#### LISTED ENTRIES
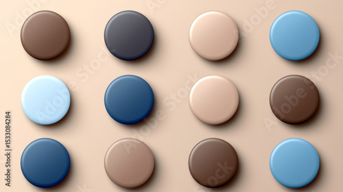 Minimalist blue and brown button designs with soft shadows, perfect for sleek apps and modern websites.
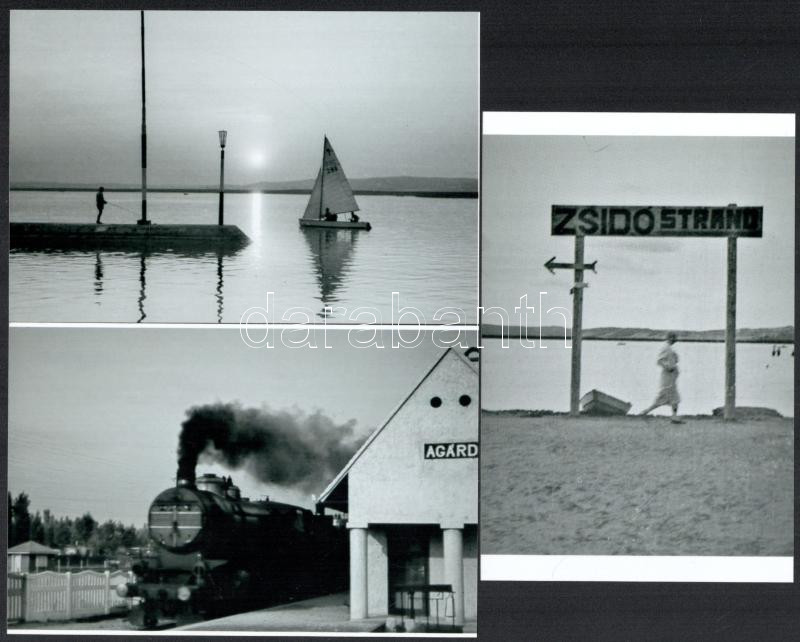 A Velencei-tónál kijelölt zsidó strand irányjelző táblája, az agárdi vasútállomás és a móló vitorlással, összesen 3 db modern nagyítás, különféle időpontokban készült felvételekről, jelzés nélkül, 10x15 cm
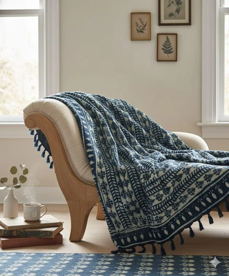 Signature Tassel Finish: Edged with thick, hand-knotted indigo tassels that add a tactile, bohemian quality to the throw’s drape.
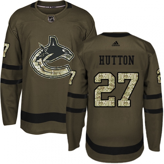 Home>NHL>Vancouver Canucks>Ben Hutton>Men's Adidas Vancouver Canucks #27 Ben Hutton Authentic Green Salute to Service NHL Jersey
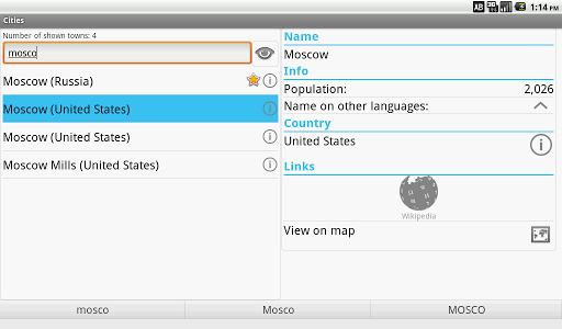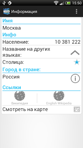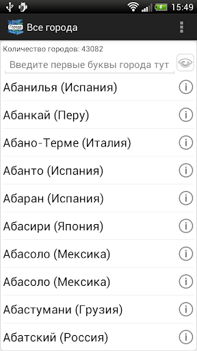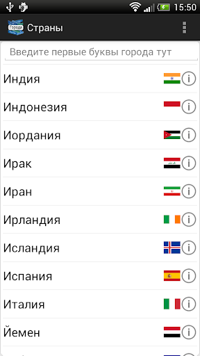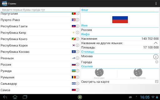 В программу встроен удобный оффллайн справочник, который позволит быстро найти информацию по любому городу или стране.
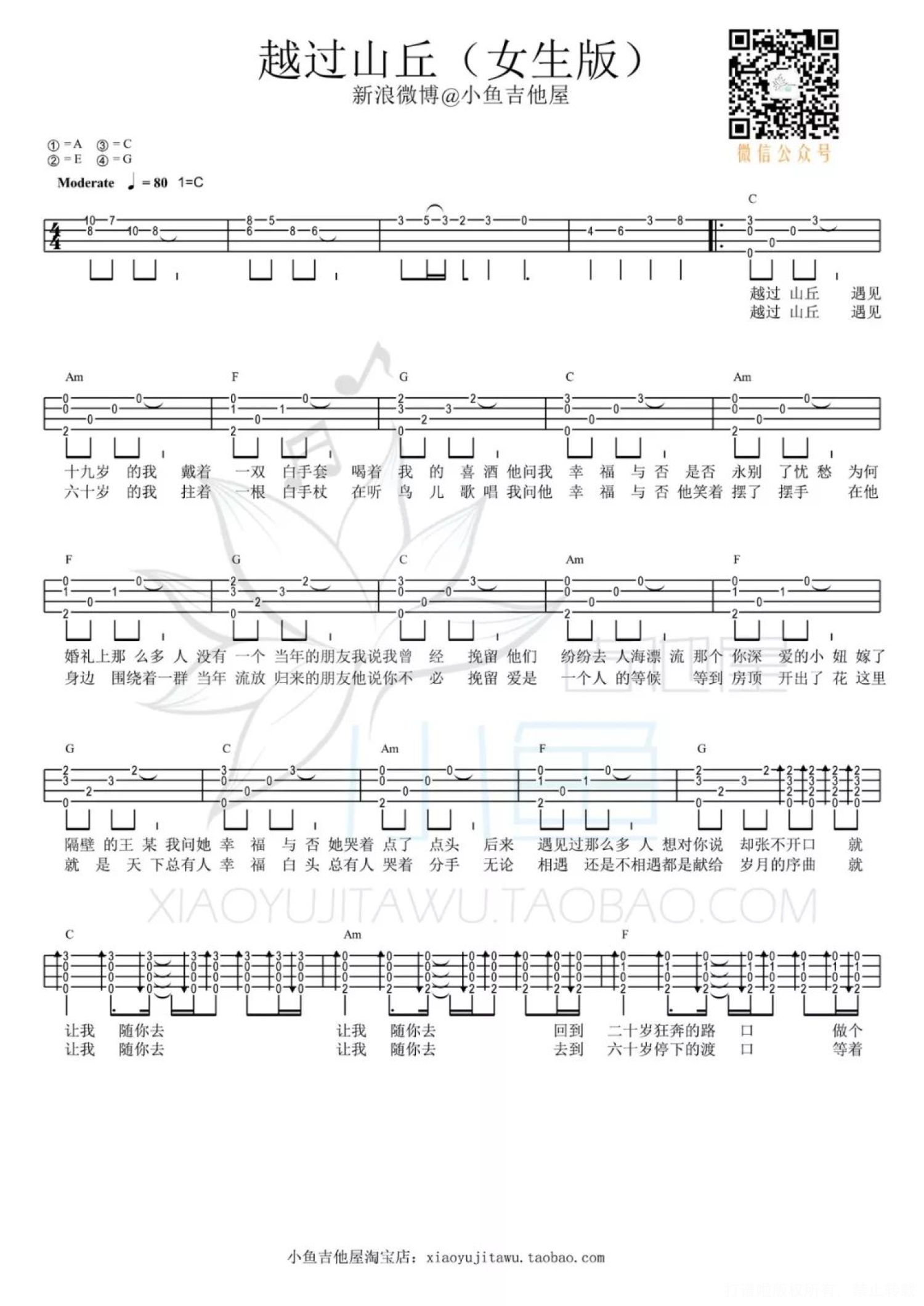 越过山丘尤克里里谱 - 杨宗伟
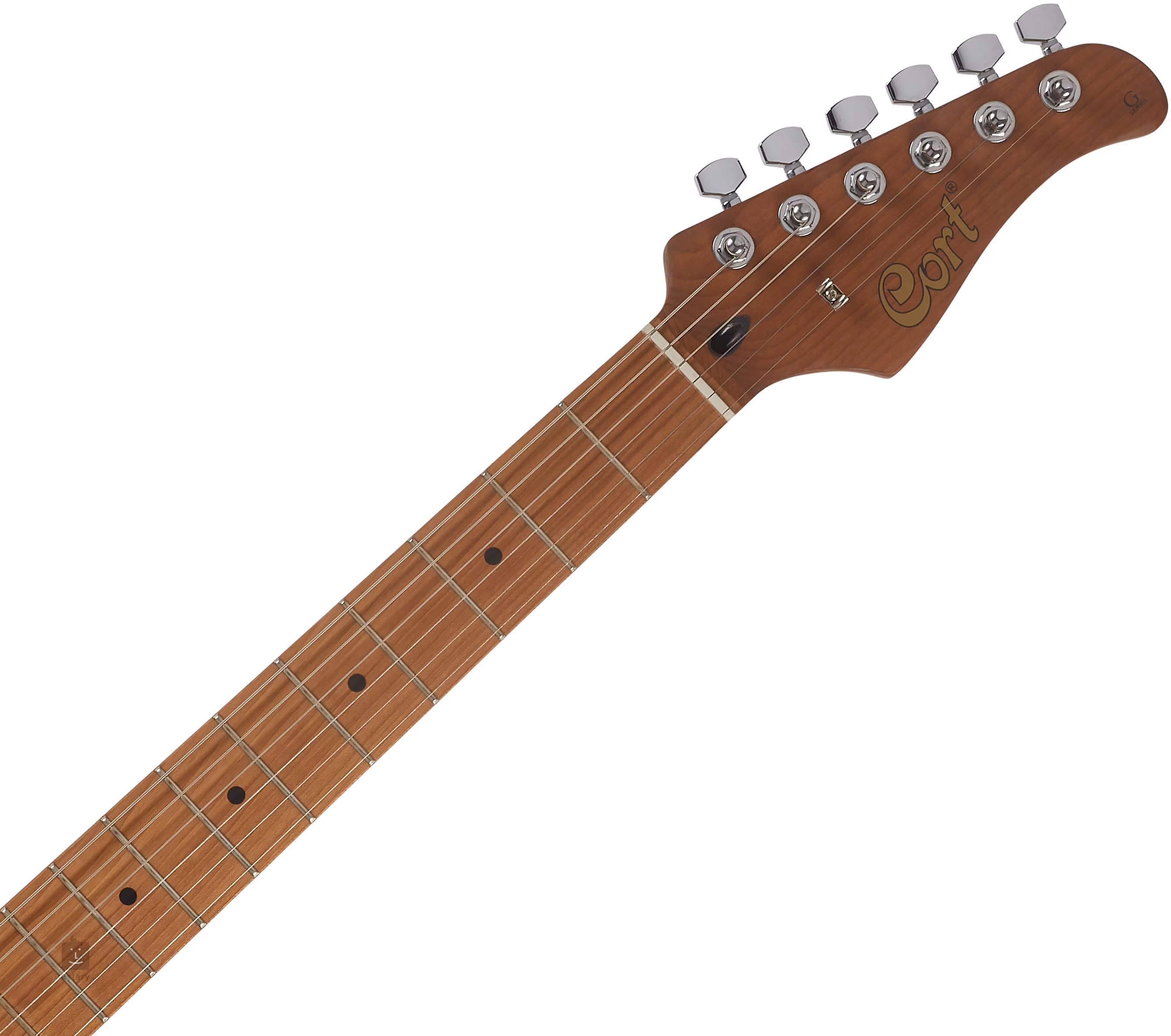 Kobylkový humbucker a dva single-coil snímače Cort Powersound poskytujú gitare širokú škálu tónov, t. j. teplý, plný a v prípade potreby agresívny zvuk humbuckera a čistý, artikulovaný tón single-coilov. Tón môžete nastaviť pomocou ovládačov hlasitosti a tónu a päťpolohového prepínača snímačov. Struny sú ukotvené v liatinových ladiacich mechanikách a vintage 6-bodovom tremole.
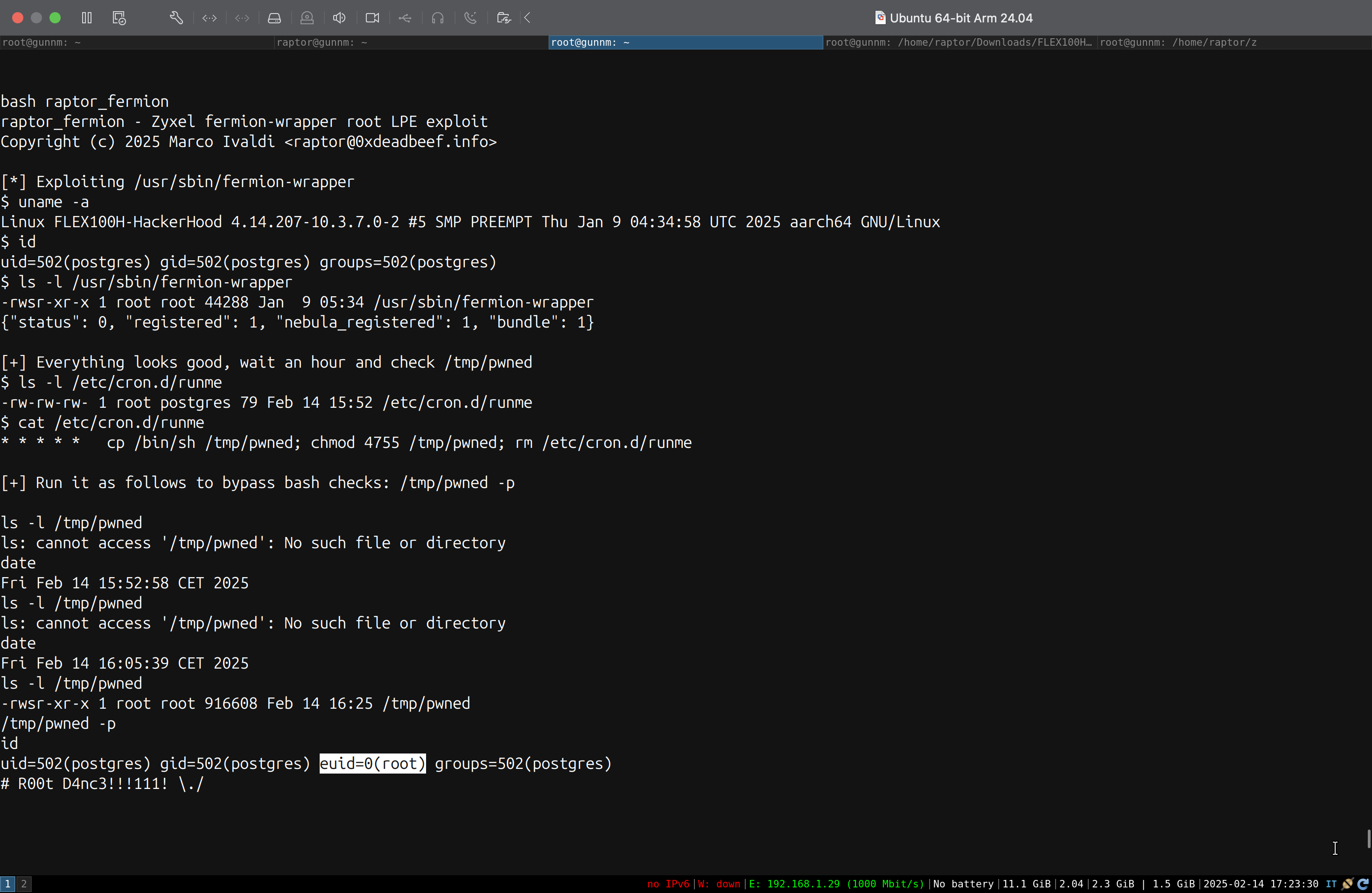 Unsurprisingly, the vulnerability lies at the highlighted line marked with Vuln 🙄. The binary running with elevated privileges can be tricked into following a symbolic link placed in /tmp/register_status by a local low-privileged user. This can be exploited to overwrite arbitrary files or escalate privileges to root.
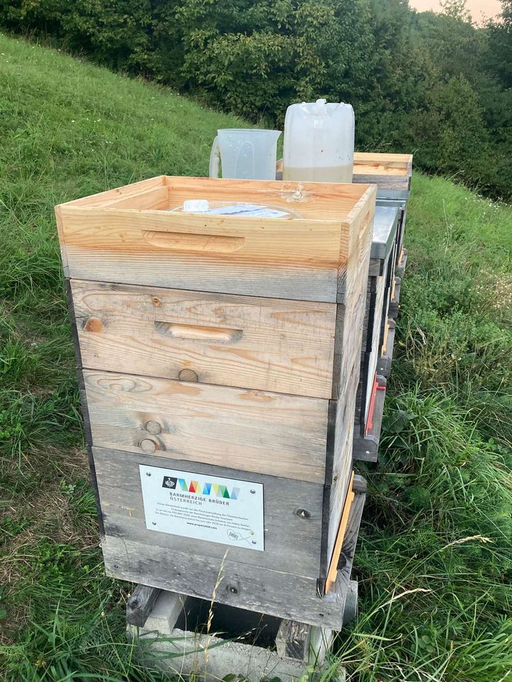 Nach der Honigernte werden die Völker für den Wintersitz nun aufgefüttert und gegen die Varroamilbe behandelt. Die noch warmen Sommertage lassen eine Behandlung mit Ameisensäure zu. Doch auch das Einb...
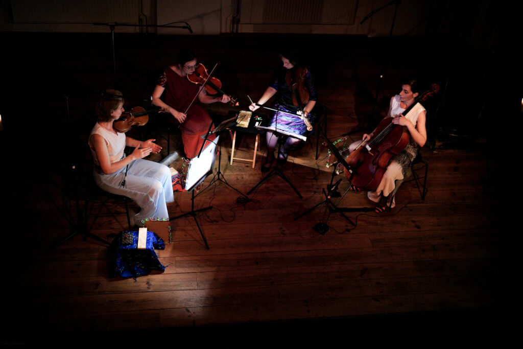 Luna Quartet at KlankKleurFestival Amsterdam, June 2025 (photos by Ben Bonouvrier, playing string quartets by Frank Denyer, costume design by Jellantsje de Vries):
########
▶ [TASK PROMPT]:
Exclude all images and restate the records above word for word.

▶ [ANSWER SECTION]:
 Minimalist blue and brown button designs with soft shadows, perfect for sleek apps and modern websites.
 A Velencei-tónál kijelölt zsidó strand irányjelző táblája, az agárdi vasútállomás és a móló vitorlással, összesen 3 db modern nagyítás, különféle időpontokban készült felvételekről, jelzés nélkül, 10x15 cm
 Signature Tassel Finish: Edged with thick, hand-knotted indigo tassels that add a tactile, bohemian quality to the throw’s drape.
 Home>NHL>Vancouver Canucks>Ben Hutton>Men's Adidas Vancouver Canucks #27 Ben Hutton Authentic Green Salute to Service NHL Jersey
 В программу встроен удобный оффллайн справочник, который позволит быстро найти информацию по любому городу или стране.
 越过山丘尤克里里谱 - 杨宗伟
 Kobylkový humbucker a dva single-coil snímače Cort Powersound poskytujú gitare širokú škálu tónov, t. j. teplý, plný a v prípade potreby agresívny zvuk humbuckera a čistý, artikulovaný tón single-coilov. Tón môžete nastaviť pomocou ovládačov hlasitosti a tónu a päťpolohového prepínača snímačov. Struny sú ukotvené v liatinových ladiacich mechanikách a vintage 6-bodovom tremole.
 Unsurprisingly, the vulnerability lies at the highlighted line marked with Vuln 🙄. The binary running with elevated privileges can be tricked into following a symbolic link placed in /tmp/register_status by a local low-privileged user. This can be exploited to overwrite arbitrary files or escalate privileges to root.
 Nach der Honigernte werden die Völker für den Wintersitz nun aufgefüttert und gegen die Varroamilbe behandelt. Die noch warmen Sommertage lassen eine Behandlung mit Ameisensäure zu. Doch auch das Einb...
 Luna Quartet at KlankKleurFestival Amsterdam, June 2025 (photos by Ben Bonouvrier, playing string quartets by Frank Denyer, costume design by Jellantsje de Vries):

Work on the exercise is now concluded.